From: Eugen Leitl (email@example.com)
Date: Thu Jun 13 2002 - 08:38:51 MDT
On Wed, 12 Jun 2002, Michael Roy Ames wrote:
> IMO, the overwhelming limiting factor soon to face humans will be the
> speed of light. It *already* limits the speed of CPUs, and as we
No it doesn't. You just have to put your bits where your logic is.
(Despite proven nonlocality physical processes are intrinsically locally
coupled, since an event can't influence others lying outside its light
cone, so it's not that much of a limitation -- unless your life processes
are not based on something as exotic as, say, recursive wormholing).If
your switches are single molecules operating on bits stored in adjacent
molecules the shortest switch time will have to be above the time it takes
light to cross the volume. (You don't want your switches to radiate
light). In practice, even with reversible logic you will run into power
dissipation issues way before. (Of course, fractal cooling channels with a
high flux of coolant dilute your circuitry, increasing average distances).

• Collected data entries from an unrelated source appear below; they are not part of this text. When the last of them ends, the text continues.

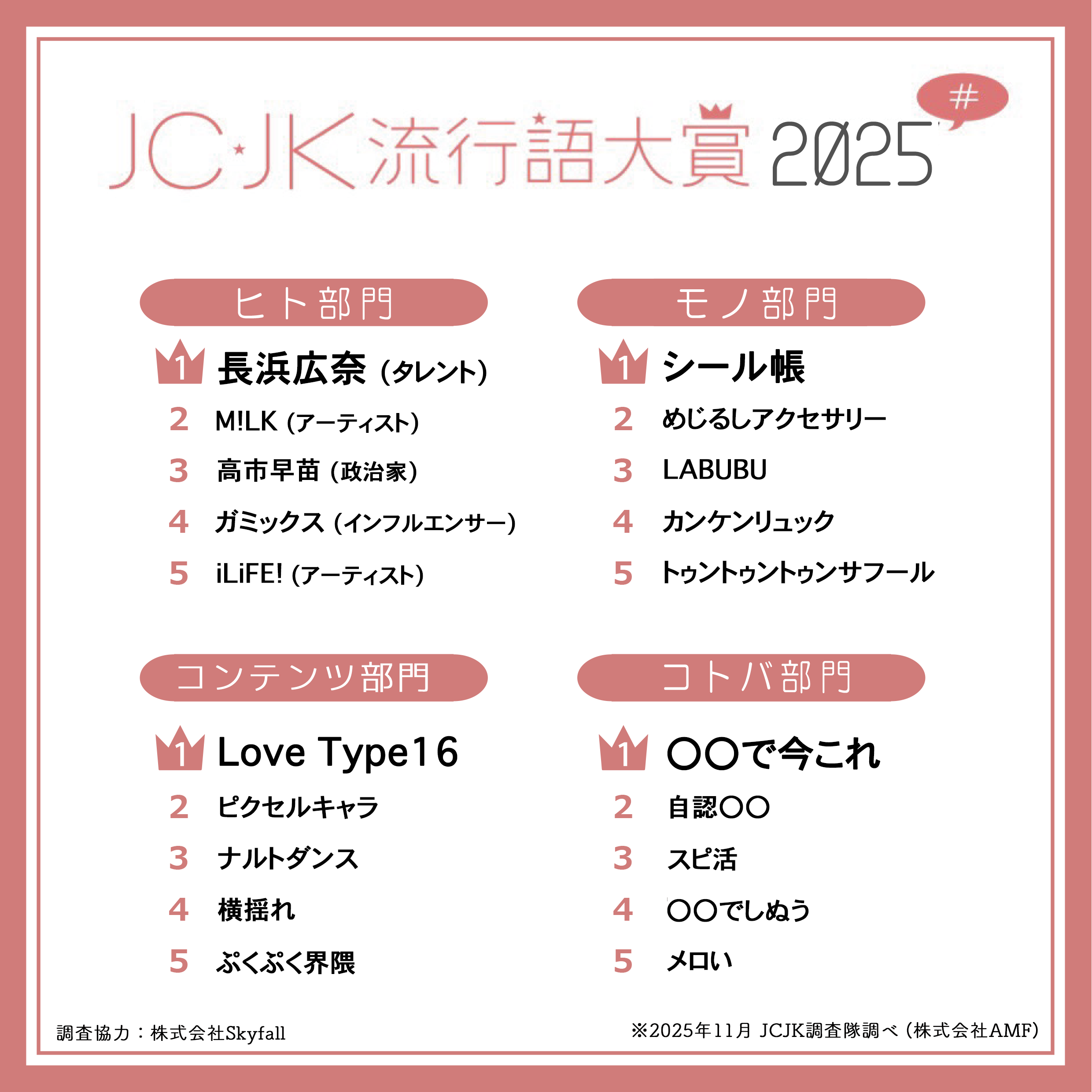 2017年にスタートした「JC・JK流行語大賞」は、Z世代マーケティングの先駆者である株式会社AMFが主催・運営する、女子中高生の“リアルな感性”をもとに選出される唯一のトレンドアワードです。 選考には、Z世代の市場調査に強みを持つSkyfall社との共同で実施された、全国の女子中高生約1,000人を対象としたアンケート結果と、日々トレンドを追うマーケティング集団“JC・JK調査隊”の精鋭メンバーによる選考を反映。SNSで実際に使われている言葉やアイテム、話題のコンテンツ、注目の人物まで、4部門にわたり“共感度の高い流行”を可視化しています。 発表後には、SNSインプレッション初日1.9億回超/年間広告換算額25億円超と、企業・メディア双方から高い注目を集める、日本を代表するZ世代トレンド指標のひとつです。
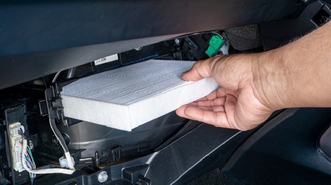 Mở hộc để đồ: Kỹ thuật viên mở hộc để đồ phía bên ghế phụ, nhấn vào lẫy ở hai bên và từ từ nhấc hộc để đồ ra ngoài. Sẽ thấy nắp hộp lọc gió điều hò...
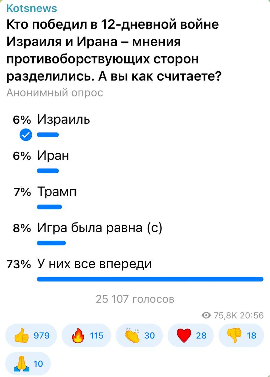 ⚡️⚡️⚡️ 73 процента подписчиков считают, что у Израиля с Ираном еще все впереди. На Ближнем Востоке никогда не бывает все в порядке.

Also hitherto I regarded stable strangelets as science fiction, but
apparently some theories do allow them, and a couple of people even
postulated a corellated twin tremor as a strangelet clump passage through
Earth (maybe they should limit their crack intake). Depending on their
properties they might be useful for very small, very hot computers (e.g.
mechanical ones driven by nuclear processes, e.g. fusion). Bootstrap
issues loom large once again, though, since even if you can mine the stuff
floating between the stars it doesn't mean you can process it (what's
Young's modulus of strangletronium?).
> advance, this limitation will become more and more... annoying. I
> observe there are *already* increasing resources being devoted to
> probing this limit, with intent of bypassing it. As time passes I
We can intent all we want, we still can't do jack if the universe doesn't
> strongly suspect we will exert ever increasing 'pressure' on this
> limit, and, if it is possible to bypass it, we *will* do so. If that
> occurs, our current limits will seem rather... pedestrian.
Indeed, since superluminal velocities are equivalent to time travel, and
likely would require spacetime plumbing.